After three intense presidential debates, order  Hillary Clinton and Donald Trumpmanaged to agree on at least one thing: The Trans-Pacific Partnership is bad for America, in part because many trade deals have supposedly caused trade deficits. Unfortunately, they’re both wrong. The country would be better served by candidates who speak frankly about the complexity of international commerce—rather than offer murky platitudes about supposedly harmful trade agreements. The U.S. had a $334.1 billion trade deficit with China in 2015, including services, according to the Commerce Department’s Bureau of Economic Analysis. It also had a $77.3 billion deficit with Germany and $55.4 billion with Japan. What do all these countries have in common? None have trade agreements with the U.S. Mr. Trump can’t “renegotiate” trade deals that were never negotiated. The U.S. also maintains trade surpluses with many countries. It ran a $31.7 billion trade surplus with Hong Kong last year, $12 billion with the United Kingdom and $17.5 billion with Singapore. Although a few trade surplus partners have free-trade agreements with the U.S., it would be incongruous to attribute both surpluses and deficits to such accords. This bipartisan hullabaloo about some alleged link between trade deals and trade deficits is simply false—politically convenient fiction.

International Economic Law – Vietnam's reluctance to ratify the TPP is bad news for Washington (Nikkei Asia, 27 October 2016)

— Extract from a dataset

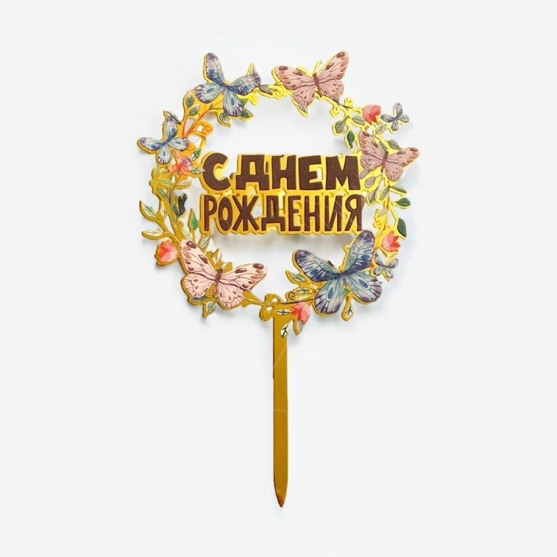 Доставка Топпер декоративный акриловый "С днём рождения. Бабочки" Золото 10х15,5 см из магазина в вашем городе:

Vietnam's decision to hold off ratifying the Trans-Pacific Partnership is a further blow to the beleaguered trade pact and a setback for American economic ambitions in Asia. The 12-nation TPP is aimed at liberalizing trade and investment in the Asia-Pacific region, and Vietnam has been hoping that its participation in the deal will lead to an increase in exports. But even in the U.S., which led negotiations for the pact, approval of the TPP is nowhere in sight. This apparently convinced Vietnam to proceed slowly as well. An official in the secretariat of the Vietnamese parliament told reporters on Oct. 18 that approval of the TPP is not on the agenda for the current legislative session, which runs through late November, making it certain that the country will not ratify the pact this year. Nguyen Thi Kim Ngan, chairwoman of the parliament, said in September that Vietnam's ratification would depend on factors such as moves by other negotiating members of the TPP and the outcome of the Nov. 8 presidential election in the U.S.

At the same time, the Philippines, which was considering joining the TPP after Vietnam, has apparently changed its stance in recent weeks, moving away from Washington and closer to Beijing. With ratification of the TPP looking more likely to stall in a number of countries, the influence of the U.S. in Asia appears to be rapidly weakening.